I posted my Spicy Pesce-Vegan Seafood Gumbo, which was amazing but I decided to make a special rendition. This one is strictly vegan and a healthier option, so here’s my Vegetable Low Sodium Gumbo. This gumbo utilizes more fresh jalapeno peppers, which are low in sodium with 3 milligrams of sodium per cup, and other low sodium options. It is great for those with high blood pressure or those just trying to lower their sodium intake with just 188 milligrams of sodium per 8 ounce serving of gumbo!
- 2 32 ounce boxes of low-sodium vegetable broth (Pacific Organic Broth)
- 8 cups of water
- 2 tablespoon of Louisiana Gumbo Base
- 1 tablespoon of garlic powder
- 5 diced red potatoes
- 2 bunches of green onions
- 1 bunch of cilantro
- 3 chopped yellow squash
- 3 chopped zucchini
- 4 chopped fresh jalapeno peppers (1 cup)
- 1 cup of mushrooms
- 1 chopped yellow onion
- Pour the vegetable broth, water, gumbo base, and garlic powder into a large gumbo pot.

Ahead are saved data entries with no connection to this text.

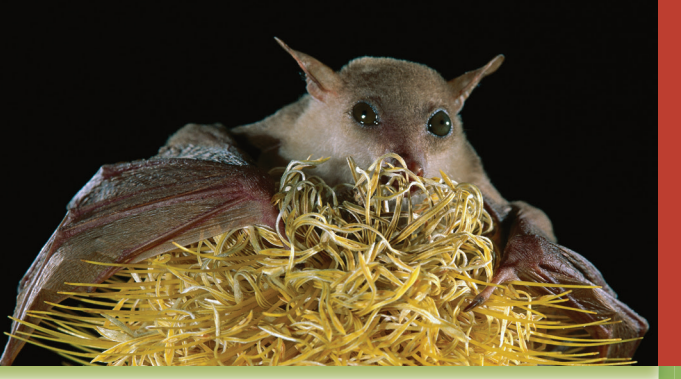
Macroglossus minimus pygmaeus, small long-tongued fruit bat, Northern Blossom Bat, feeding on Banksia sp. flower, North Queensland, Australia. Photo ⊚ Jean-Paul Ferrero/Auscape/Minden Pictures. Bat Conservation International

The diversity of South American bats is as impressive and varied as its landscape. In lowland forests, there are greater numbers of bats and more bat species than in any other part of the world. The range of some of the more "interesting" species overlies roughly with maps of the cultures who attained the highest achievements in the New World before the arrival of Columbus.
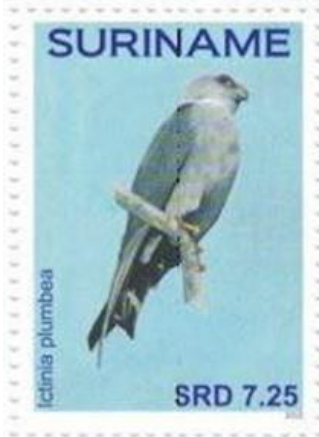
PLUMBEOUS KITE, Ictinia plumbea Accipitridae Surinam, 2015 March 18, not yet cataloged, $7.25

Length: 14 to 15 inches, sexes alike, migratory. Blackish slate gray, pale gray head and below,
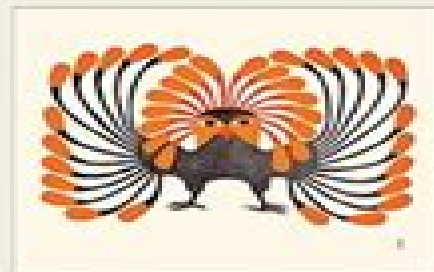
Kinngmikuk Aukook Autumnal Owl / Hibou d'automne, 1999
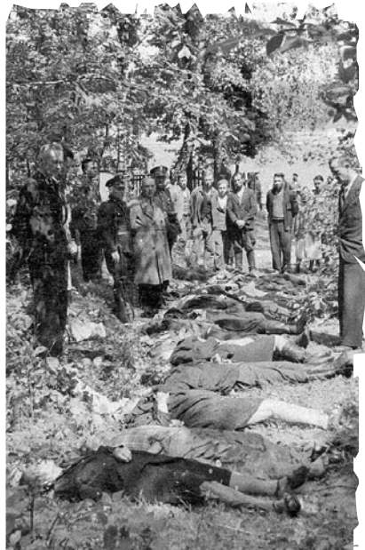
■ Victims of the train raid near Zatyle (near Lubycza Królewska) executed on 16 June 1944 by UPA.

Poles had to abandon their homes and seek shelter in the cities and towns which had posts of Hungarian and German troops. It was an irony that in order to escape from the UPA Poles had to seek protection from their oppressors: firstly from the Germans, and during 1944–1945 from the Soviets. The Germans deported Polish escapees to the Reich to forced labor. To escape the massacres some escapees tried to get to the General Government, particularly to the Lublin District. Finally, a small number of Poles created self-defence centers to protect themselves, with the most well-known ones located in Przebraże (where 10,000 Poles defended themselves), Huta Stepańska (600 Poles dead), Zasmyki, Dederkały, and Ostróg. Due to the lack of arms, ammunition, and a cadre of commanders most of the approx. 100 Polish self-defence centers were defeated.
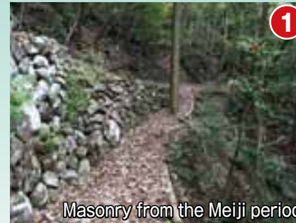
Masonry from the Meiji period Here and there along this road you can see excellent stonework from the Meiji era (1858-1912).
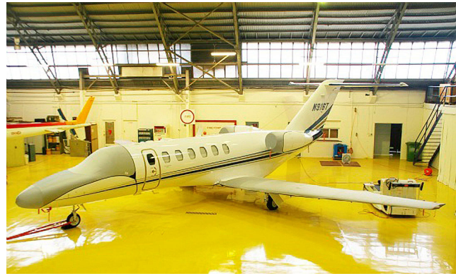
Cessna Citationjet CJ3 Cockpit/Nose, Engine & Wings Travel Covers
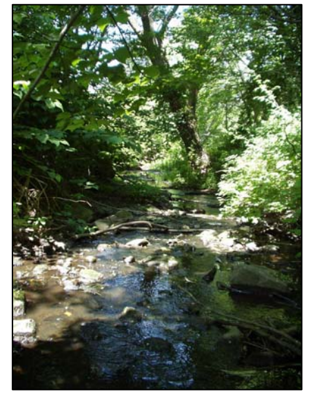
Fig. 4. Below Broadway, 7/2003
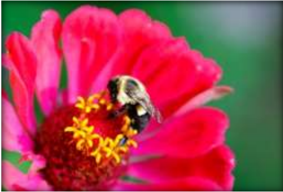
First Place Bee Flower Jim Planck
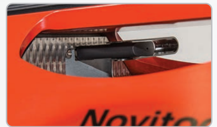
99 recipes can be input and stored directly on the press, while 990 additional recipes can be input through the Aero Recipe Management Tool on your computer and transferred to the press via a USB flash drive.

The proprietary Flexco Aero® Recipe Management Tool makes it easy to import, create, or modify recipes. Recipes can then be exported from the tool and transferred to your press via a USB flash drive. Users with multiple presses can quickly load the same set of recipes to all of their equipment.
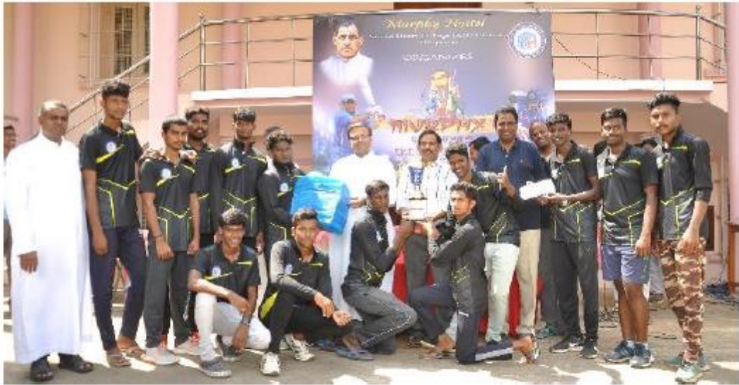
The Winners of the tournament
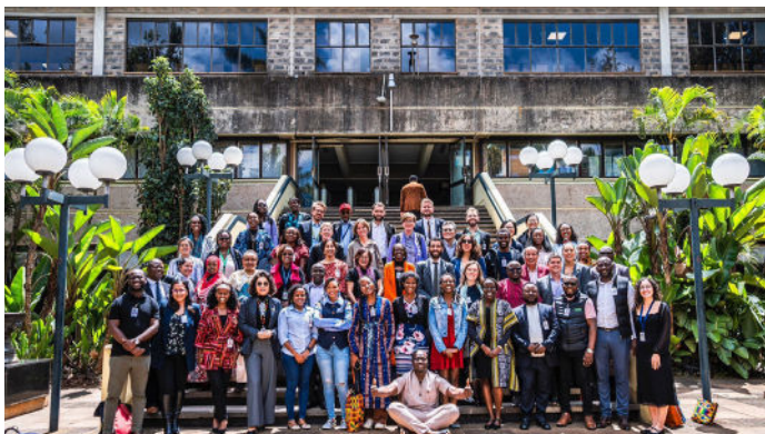
Civil society organizations at Nairobi UN headquarters for the third round of negotiations on the UN Tax Convention – Nairobi, November 2025

Presented as a “minimum basis”, the draft text immediately raised serious concerns. The central elements of the mandate – fair allocation of taxing rights, taxation of the ultra-rich, tax transparency, the fight against illicit financial flows, the links with climate and sustainable development – appeared in a very limited way. For many delegations from the South, this text raised the risk of an “empty” Convention, reduced to a declaratory framework and postponing most of the commitments to uncertain future protocols. Civil society has shared this warning: such an architecture would reproduce the fragmented and optional logics that led to the failure of the reforms led by the OECD.
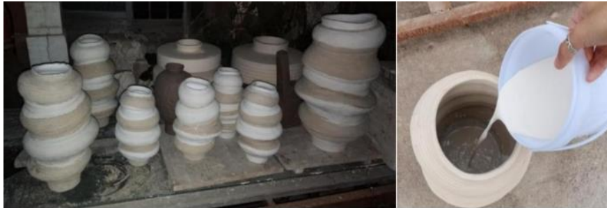
Fig 7. Glazing.

Step 6: The kiln-fired result demonstrates the rich variations of iron flakes that enhance the three-dimensionality of the piece. The decorative effect achieved is consistent with the desired result and effectively highlights the wind erosion's simplicity and dynamism. The shape of the work skillfully captures the essence of the wind's movement, while the irregular glaze variations interpret the subtle fluctuations of the wind (Fig 8).
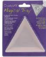
Beadsmith MAGICAL TRAY For...
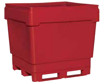
MB 2936 Roll Over Base

NOTE: Unless specified, all weights relate to box only. Dimensions and weights are +/- 2%. Standard colors for Bins are natural and gray. Optional colors available.
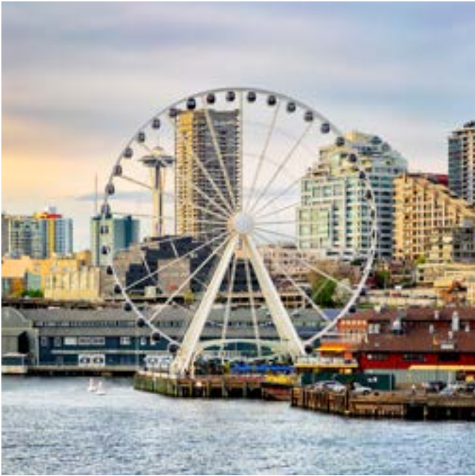
➤ B. Ferris Wheel

Place it on medium heat until it is fully heated while stirring every few minutes.
- Add the diced red potatoes to the pot and let that cook for 5 minutes.
- Add the green onions, cilantro, squash, zucchini, jalapeno peppers, mushrooms, and yellow onion into the pot.
- Let that simmer on a low heat for 25-30 minutes.